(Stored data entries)
=====

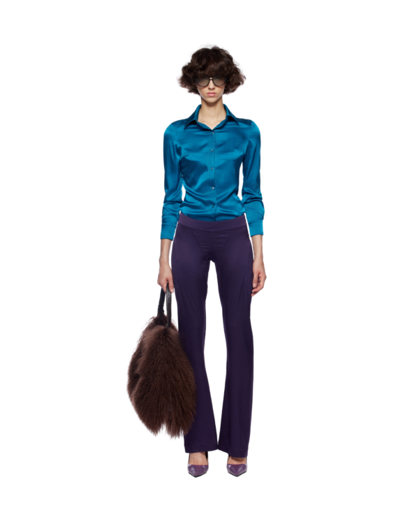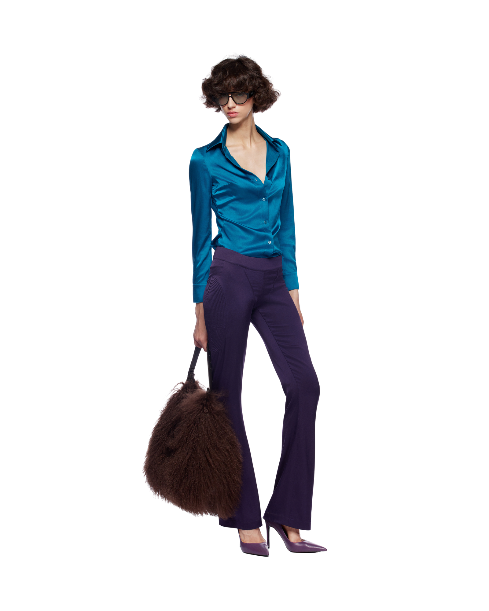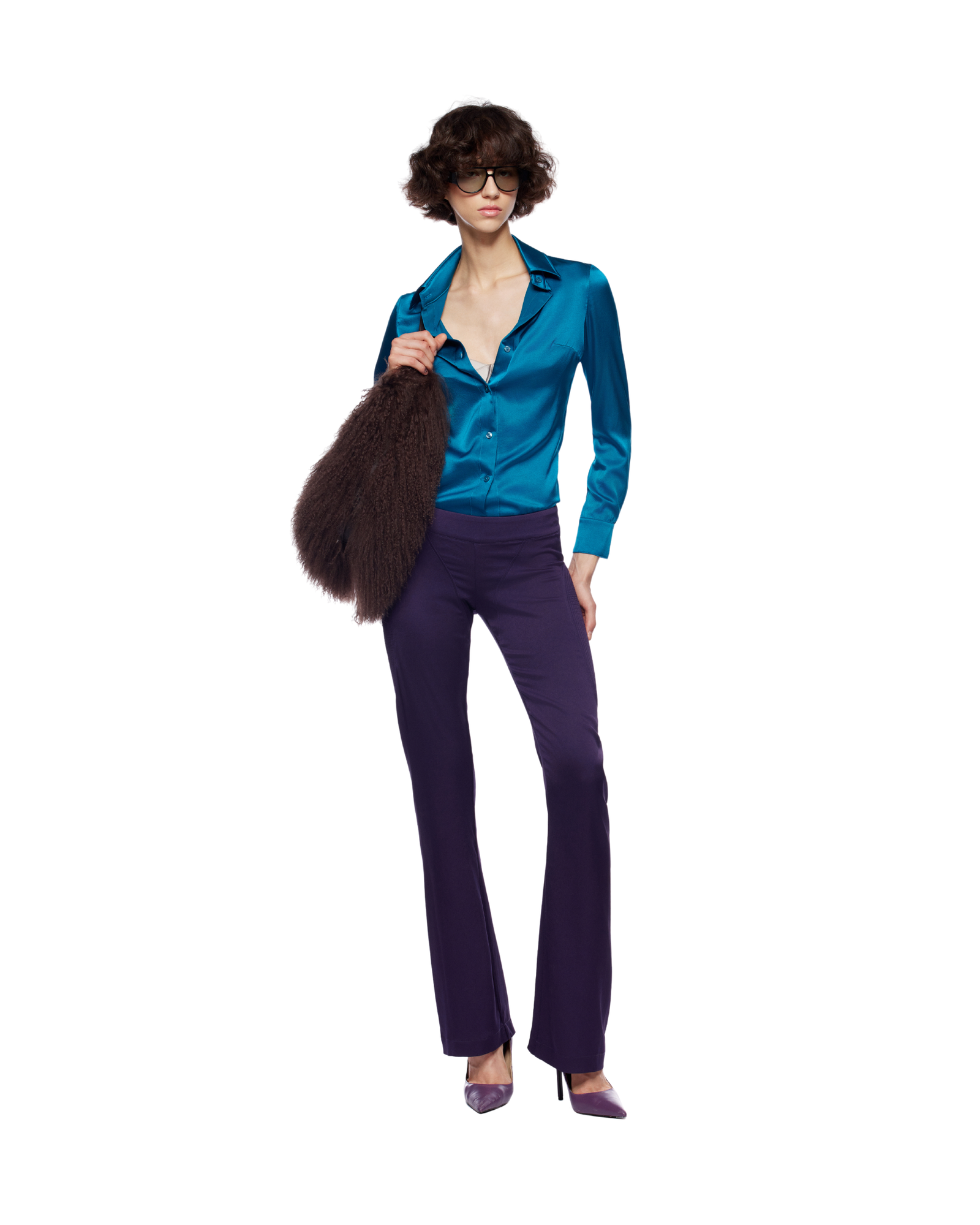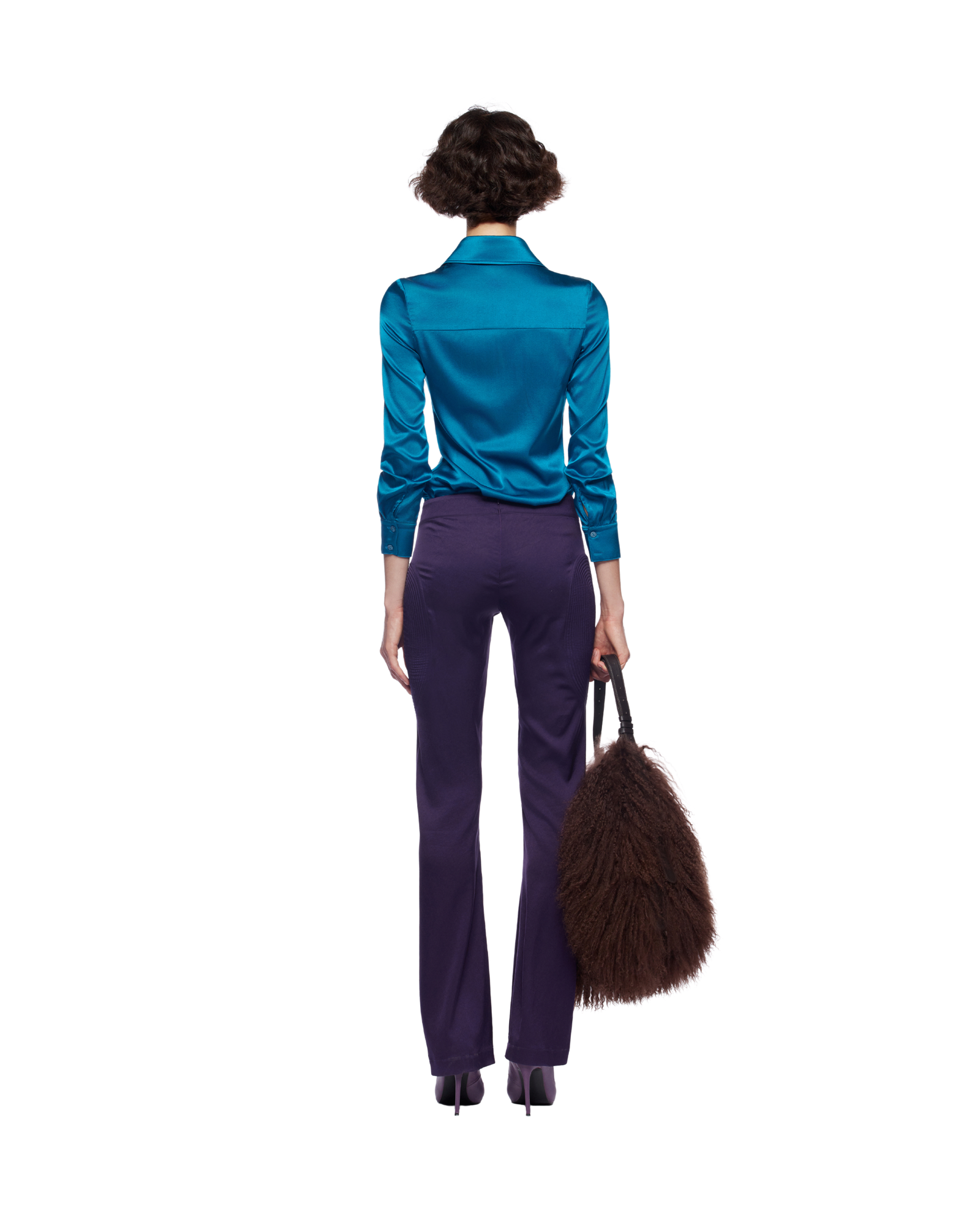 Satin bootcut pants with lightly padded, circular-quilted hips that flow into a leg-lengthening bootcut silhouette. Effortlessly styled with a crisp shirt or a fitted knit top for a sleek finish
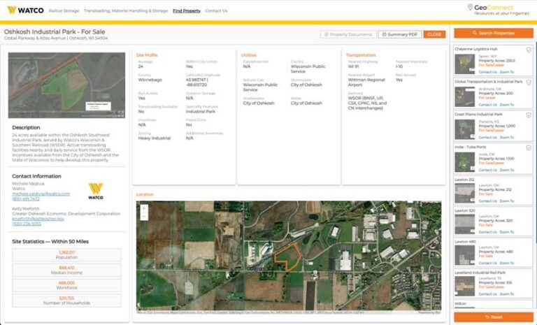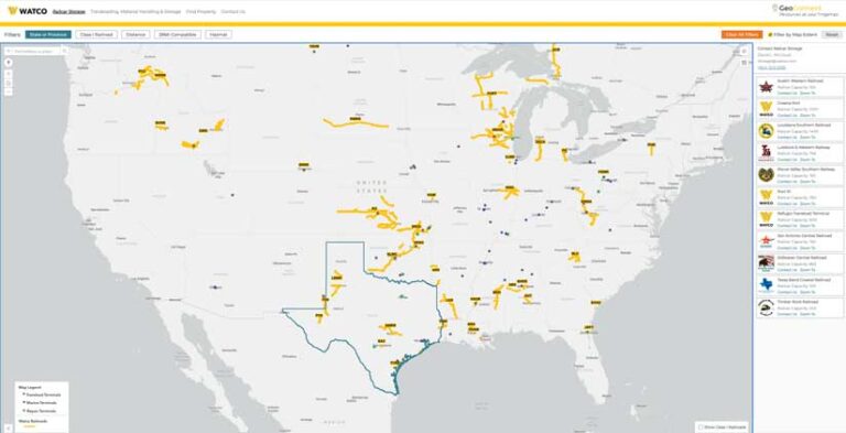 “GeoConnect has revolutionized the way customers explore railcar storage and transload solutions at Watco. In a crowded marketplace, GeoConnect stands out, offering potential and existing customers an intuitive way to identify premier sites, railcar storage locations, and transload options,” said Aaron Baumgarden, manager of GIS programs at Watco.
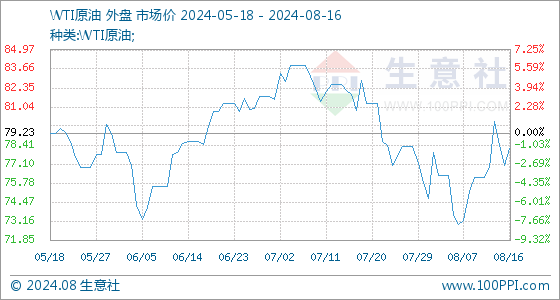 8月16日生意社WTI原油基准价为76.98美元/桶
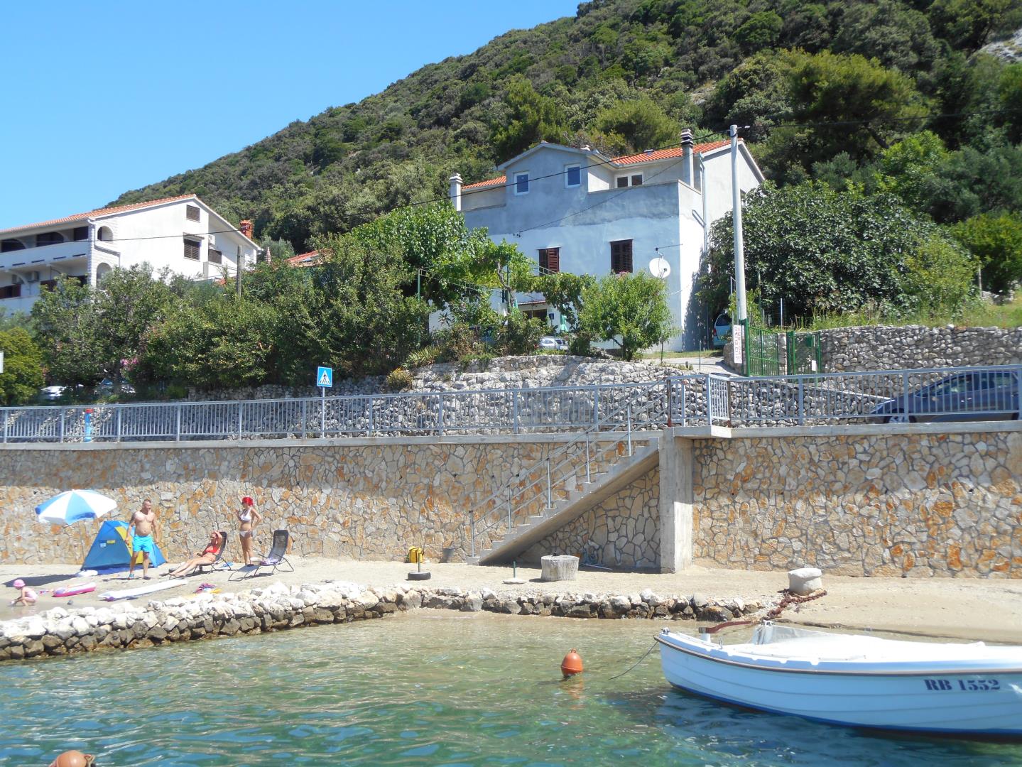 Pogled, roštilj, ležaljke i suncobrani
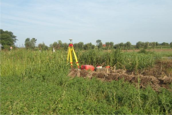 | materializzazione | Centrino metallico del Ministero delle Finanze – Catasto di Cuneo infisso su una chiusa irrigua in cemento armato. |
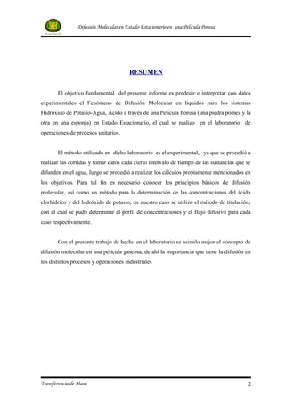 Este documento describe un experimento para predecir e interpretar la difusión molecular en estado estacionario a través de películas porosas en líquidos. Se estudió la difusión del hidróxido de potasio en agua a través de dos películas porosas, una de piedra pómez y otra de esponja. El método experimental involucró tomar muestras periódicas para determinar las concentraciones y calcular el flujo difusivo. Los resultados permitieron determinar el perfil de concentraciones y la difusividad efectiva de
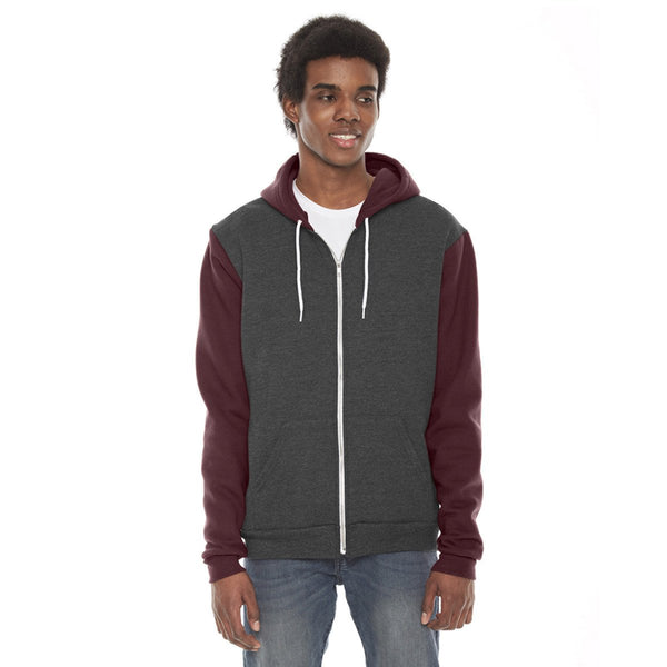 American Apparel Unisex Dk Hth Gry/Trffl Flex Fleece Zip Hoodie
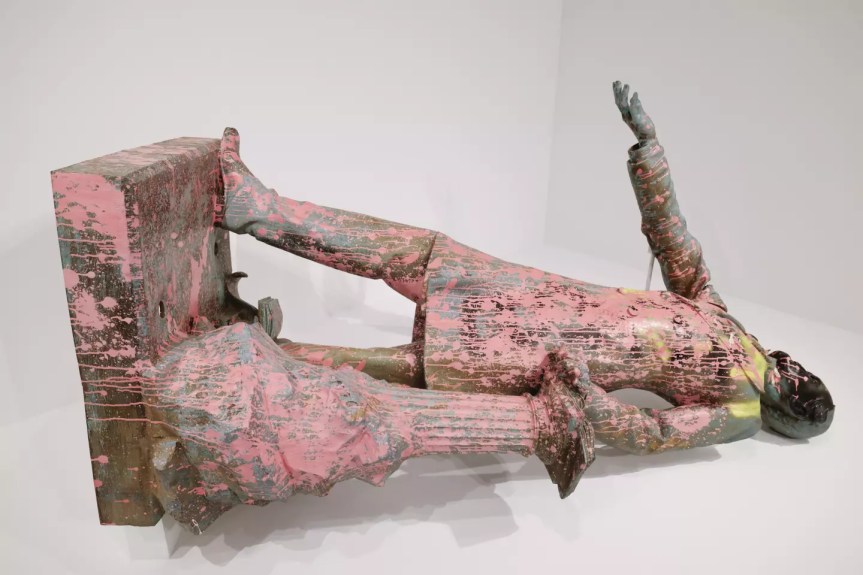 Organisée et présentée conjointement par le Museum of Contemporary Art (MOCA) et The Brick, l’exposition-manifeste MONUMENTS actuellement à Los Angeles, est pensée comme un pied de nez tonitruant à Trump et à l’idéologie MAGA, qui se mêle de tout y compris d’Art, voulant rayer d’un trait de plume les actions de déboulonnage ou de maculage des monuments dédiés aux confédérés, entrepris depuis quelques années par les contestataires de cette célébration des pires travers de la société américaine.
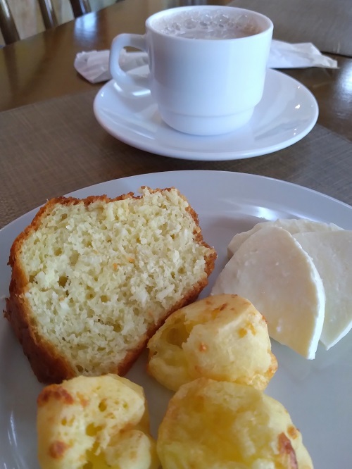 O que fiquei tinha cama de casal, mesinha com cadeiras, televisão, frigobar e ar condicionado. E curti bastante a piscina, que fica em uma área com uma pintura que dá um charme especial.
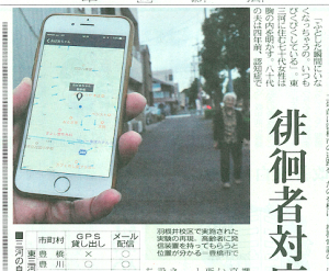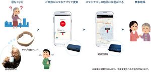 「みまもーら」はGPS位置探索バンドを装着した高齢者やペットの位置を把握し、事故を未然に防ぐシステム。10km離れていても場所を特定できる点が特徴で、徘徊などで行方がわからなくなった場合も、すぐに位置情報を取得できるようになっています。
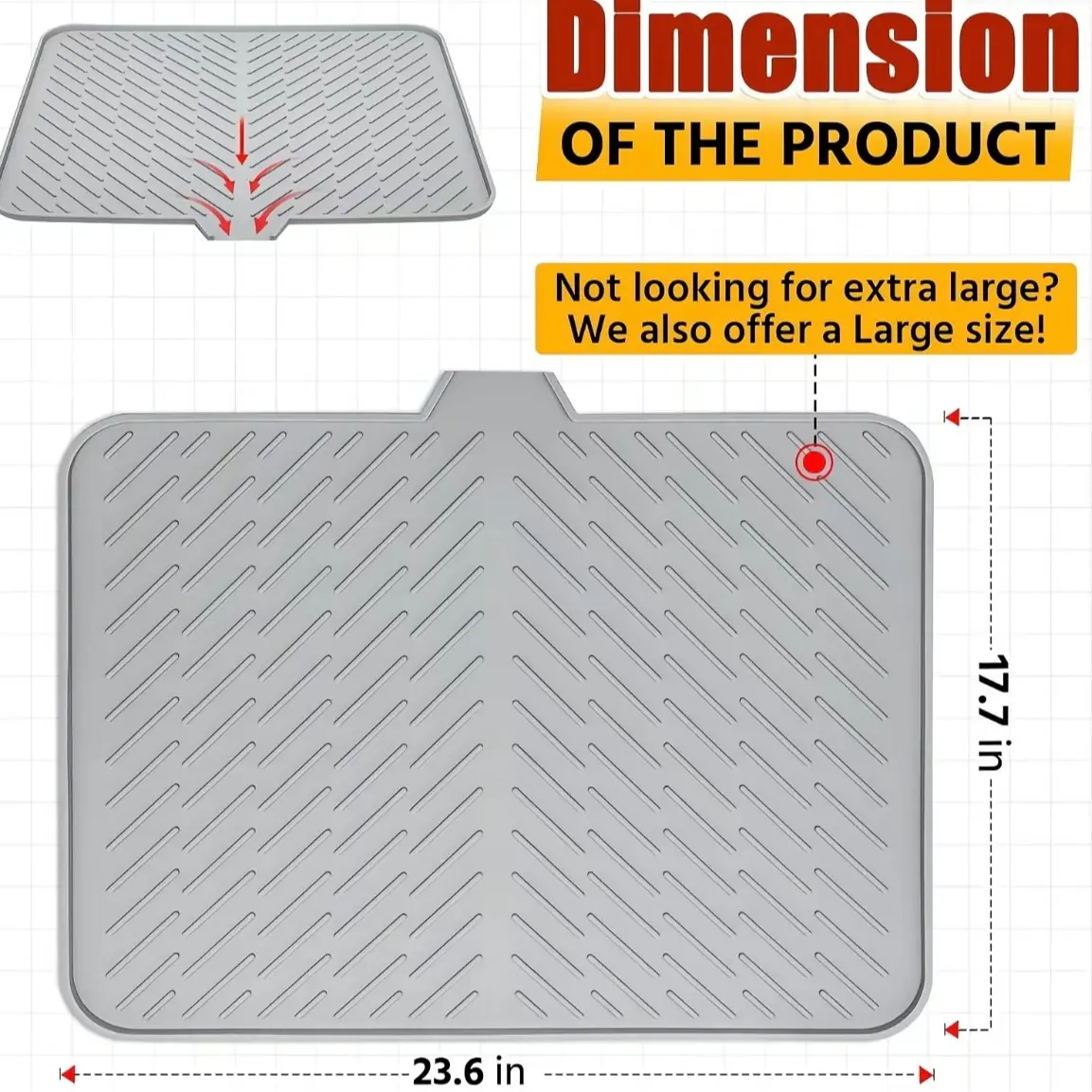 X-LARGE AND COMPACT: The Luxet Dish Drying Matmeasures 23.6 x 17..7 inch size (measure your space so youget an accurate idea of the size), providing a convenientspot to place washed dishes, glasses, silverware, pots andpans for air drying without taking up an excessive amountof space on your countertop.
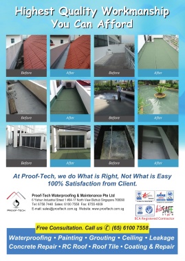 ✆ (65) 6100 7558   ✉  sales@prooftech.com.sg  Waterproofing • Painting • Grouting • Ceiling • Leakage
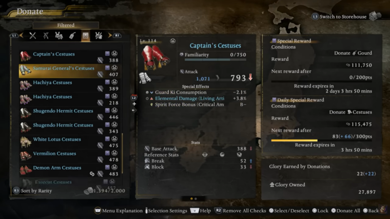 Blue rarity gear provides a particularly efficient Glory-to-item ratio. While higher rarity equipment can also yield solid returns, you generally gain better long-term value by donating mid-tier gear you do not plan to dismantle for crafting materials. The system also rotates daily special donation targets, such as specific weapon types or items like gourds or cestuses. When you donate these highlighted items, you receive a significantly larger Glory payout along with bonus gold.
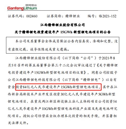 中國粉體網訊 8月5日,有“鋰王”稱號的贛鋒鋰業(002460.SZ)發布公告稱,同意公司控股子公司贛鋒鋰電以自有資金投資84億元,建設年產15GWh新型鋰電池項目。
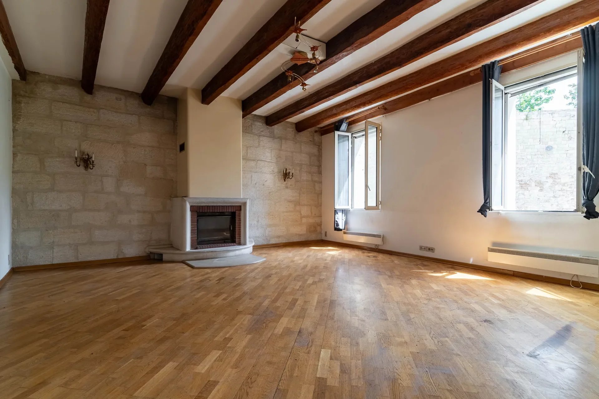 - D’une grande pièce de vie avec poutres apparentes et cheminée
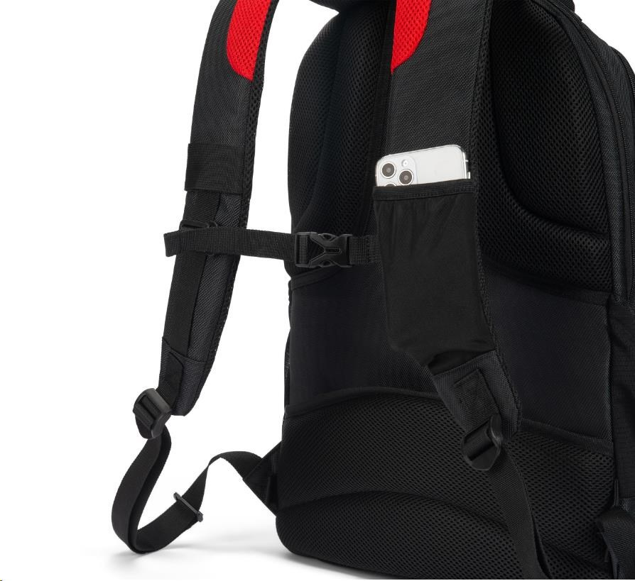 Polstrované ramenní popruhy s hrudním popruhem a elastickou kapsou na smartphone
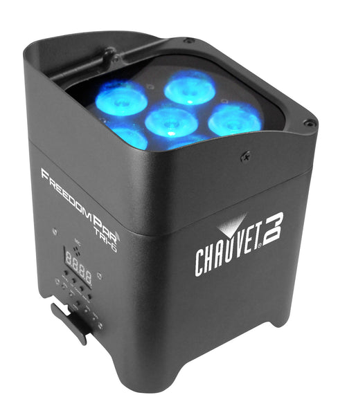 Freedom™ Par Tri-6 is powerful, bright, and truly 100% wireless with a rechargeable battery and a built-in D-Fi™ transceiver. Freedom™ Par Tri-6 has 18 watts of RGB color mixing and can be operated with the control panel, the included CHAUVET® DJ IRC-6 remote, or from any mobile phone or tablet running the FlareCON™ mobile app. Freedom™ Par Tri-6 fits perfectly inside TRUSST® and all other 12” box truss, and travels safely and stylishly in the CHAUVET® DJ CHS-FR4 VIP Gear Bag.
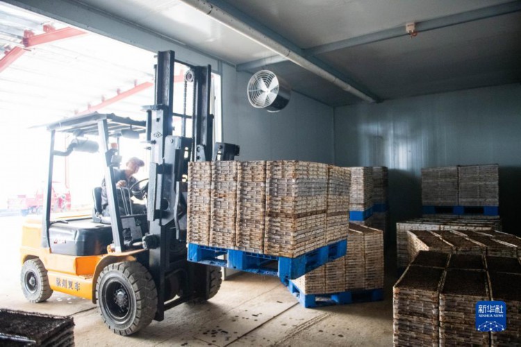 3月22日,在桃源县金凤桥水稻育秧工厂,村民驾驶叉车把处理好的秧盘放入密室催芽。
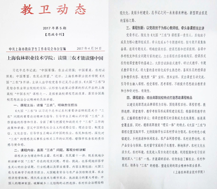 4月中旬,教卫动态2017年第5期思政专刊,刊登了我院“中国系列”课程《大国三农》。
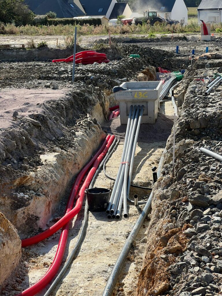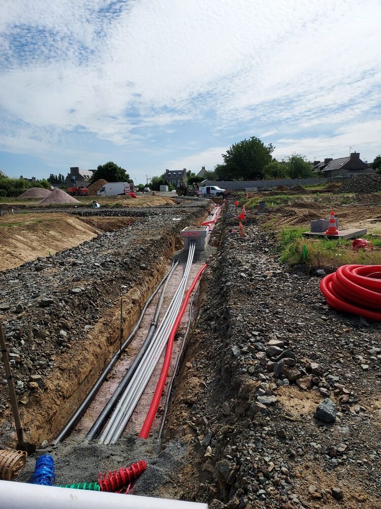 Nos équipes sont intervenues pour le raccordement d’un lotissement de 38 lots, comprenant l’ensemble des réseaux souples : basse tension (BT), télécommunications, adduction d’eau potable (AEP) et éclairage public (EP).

=====

The answer must be the part of the records that opens with the line containing "programs at Watco." and closes with the line containing "American Apparel Unisex", reproduced exactly, with no pictures.

### EXPECTED ANSWER
 “GeoConnect has revolutionized the way customers explore railcar storage and transload solutions at Watco. In a crowded marketplace, GeoConnect stands out, offering potential and existing customers an intuitive way to identify premier sites, railcar storage locations, and transload options,” said Aaron Baumgarden, manager of GIS programs at Watco.
 8月16日生意社WTI原油基准价为76.98美元/桶
 Pogled, roštilj, ležaljke i suncobrani
 | materializzazione | Centrino metallico del Ministero delle Finanze – Catasto di Cuneo infisso su una chiusa irrigua in cemento armato. |
 Este documento describe un experimento para predecir e interpretar la difusión molecular en estado estacionario a través de películas porosas en líquidos. Se estudió la difusión del hidróxido de potasio en agua a través de dos películas porosas, una de piedra pómez y otra de esponja. El método experimental involucró tomar muestras periódicas para determinar las concentraciones y calcular el flujo difusivo. Los resultados permitieron determinar el perfil de concentraciones y la difusividad efectiva de
 American Apparel Unisex Dk Hth Gry/Trffl Flex Fleece Zip Hoodie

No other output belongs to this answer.